=== EXERCISE ===
Strip out the pictures and transcribe the records that follow exactly.

┌─ GIVEN ENTRIES

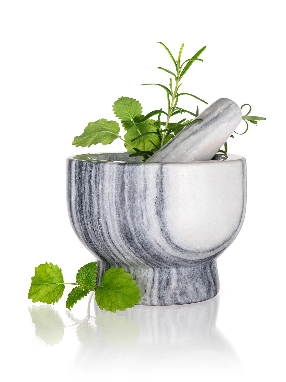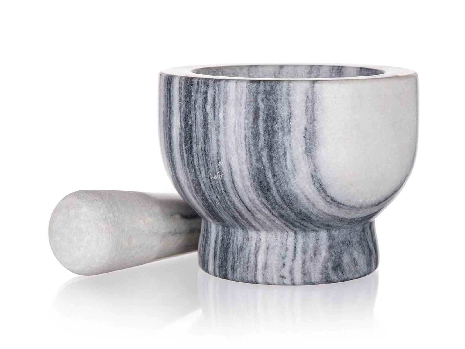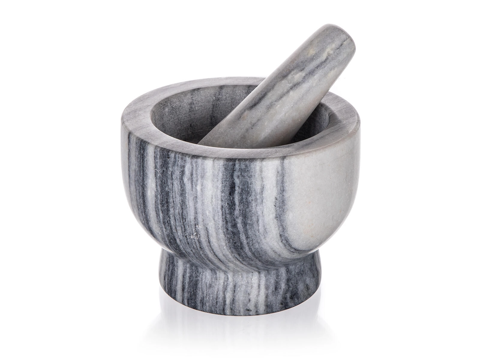 De natuurlijke adering van het marmer maakt van de vijzel niet alleen een praktisch hulpmiddel, maar ook een elegante decoratie op het aanrecht.
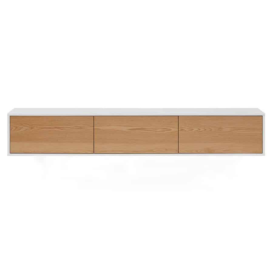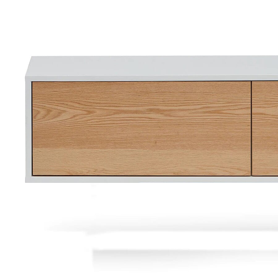 מצאתם את הפיס המושלם לסלון: מזנון צף לסלון דגם DEMBELE נורדי מודרני לסלון בגוון לבן בשילוב פורניר אלון טבעי. השילוב בין הצבעים הופכים את המזנון להיסטרי. מזנון תלוי “דמבלה” מגיע עם 3-4 קלפות הנפתחות באמצעות מנגנון טאץ (לחיצה).
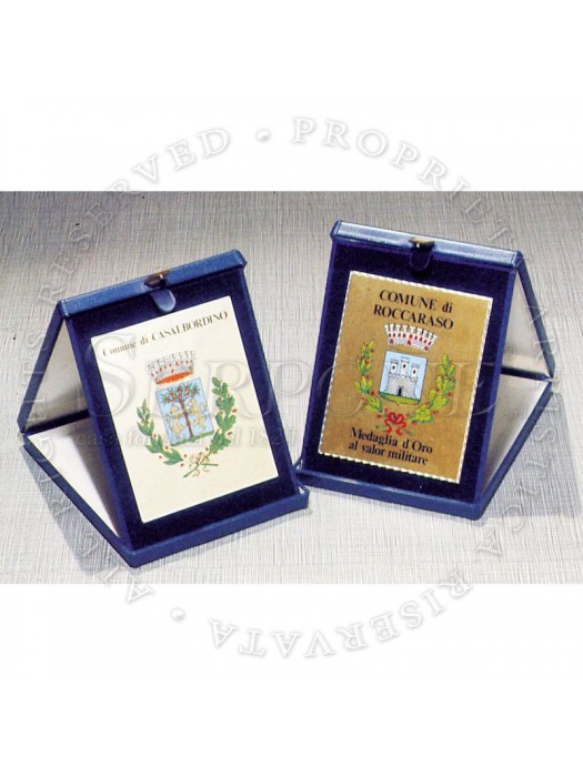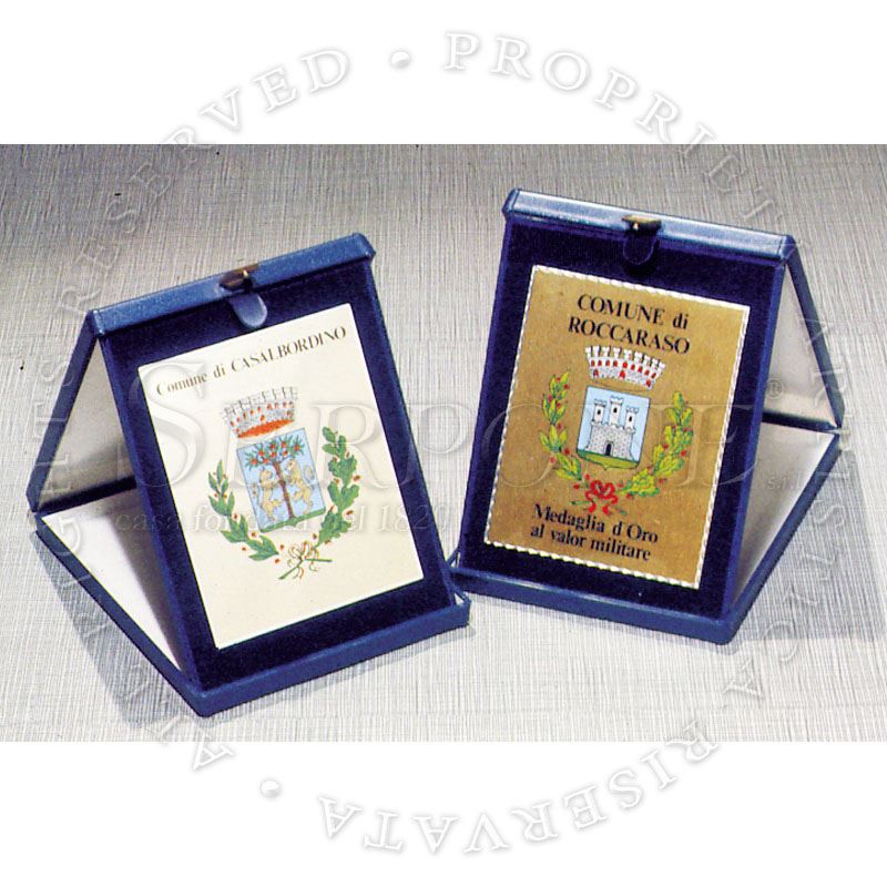 Targhe in alluminio Targhe in alluminio anodizzato argentata o dorato, cm 12 x 16, con stemma e lettere stampati a regola d’arte in serigrafia (tutti colori coprenti), a 5 colori, complete di astuccio. Minimo 50 pezzi. Disponibile anche altre misure e tipi. Art. 208/a - misure cm 12 x 16
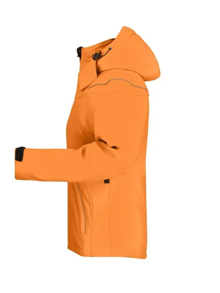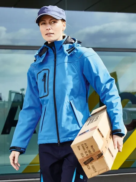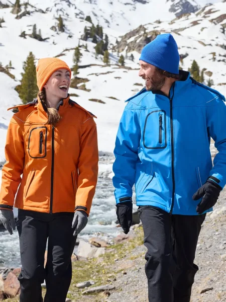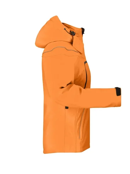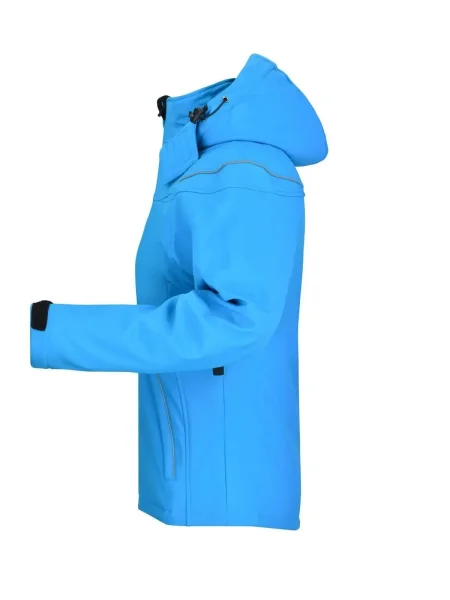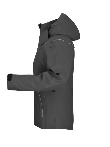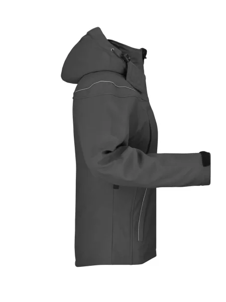 Giubbotto invernale in softshell, Tessuto funzionale a 3 strati con membrana TPU, Idrorepellente e antivento (5.000 mm colonna d'acqua), traspirante e permeabile al vapore, Le cuciture non sono chiuse, Cappuccio staccabile, imbottito e foderato, colletto in caldo pile, Cerniere sotto le maniche per un'ulteriore ventilazione, protezione antivento totale , Filetti a costa riflettenti sulle spalle e sulle tasche anteriori, 2 tasche anteriori, 1 taschino interno e tasca portacellulare, Cerniera bidirezionale, Cordino elastico con stopper in vita e sul cappuccio, Leggermente sciancrata. Cerniera per ricamo sulla schiena. Colonna d'acqua 5.000 mm, imbottito, antivento e idrofugo
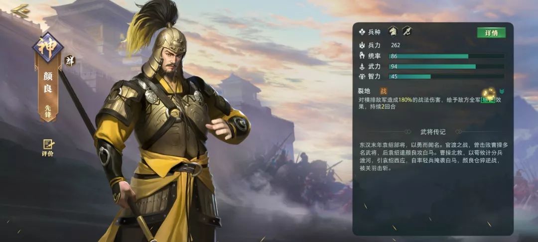 0星颜良的统率86、武力94,0星文丑的统率87、武力95,都是神将中的佼佼者。颜良技能【裂地】是横排伤害,0星时伤害系数高达180%,骑兵、枪兵的兵种组合使得颜良作为核心输出时具有一定的优势;

└─

=== EXERCISE RESULT ===
 De natuurlijke adering van het marmer maakt van de vijzel niet alleen een praktisch hulpmiddel, maar ook een elegante decoratie op het aanrecht.
 מצאתם את הפיס המושלם לסלון: מזנון צף לסלון דגם DEMBELE נורדי מודרני לסלון בגוון לבן בשילוב פורניר אלון טבעי. השילוב בין הצבעים הופכים את המזנון להיסטרי. מזנון תלוי “דמבלה” מגיע עם 3-4 קלפות הנפתחות באמצעות מנגנון טאץ (לחיצה).
 Targhe in alluminio Targhe in alluminio anodizzato argentata o dorato, cm 12 x 16, con stemma e lettere stampati a regola d’arte in serigrafia (tutti colori coprenti), a 5 colori, complete di astuccio. Minimo 50 pezzi. Disponibile anche altre misure e tipi. Art. 208/a - misure cm 12 x 16
 Giubbotto invernale in softshell, Tessuto funzionale a 3 strati con membrana TPU, Idrorepellente e antivento (5.000 mm colonna d'acqua), traspirante e permeabile al vapore, Le cuciture non sono chiuse, Cappuccio staccabile, imbottito e foderato, colletto in caldo pile, Cerniere sotto le maniche per un'ulteriore ventilazione, protezione antivento totale , Filetti a costa riflettenti sulle spalle e sulle tasche anteriori, 2 tasche anteriori, 1 taschino interno e tasca portacellulare, Cerniera bidirezionale, Cordino elastico con stopper in vita e sul cappuccio, Leggermente sciancrata. Cerniera per ricamo sulla schiena. Colonna d'acqua 5.000 mm, imbottito, antivento e idrofugo
 0星颜良的统率86、武力94,0星文丑的统率87、武力95,都是神将中的佼佼者。颜良技能【裂地】是横排伤害,0星时伤害系数高达180%,骑兵、枪兵的兵种组合使得颜良作为核心输出时具有一定的优势;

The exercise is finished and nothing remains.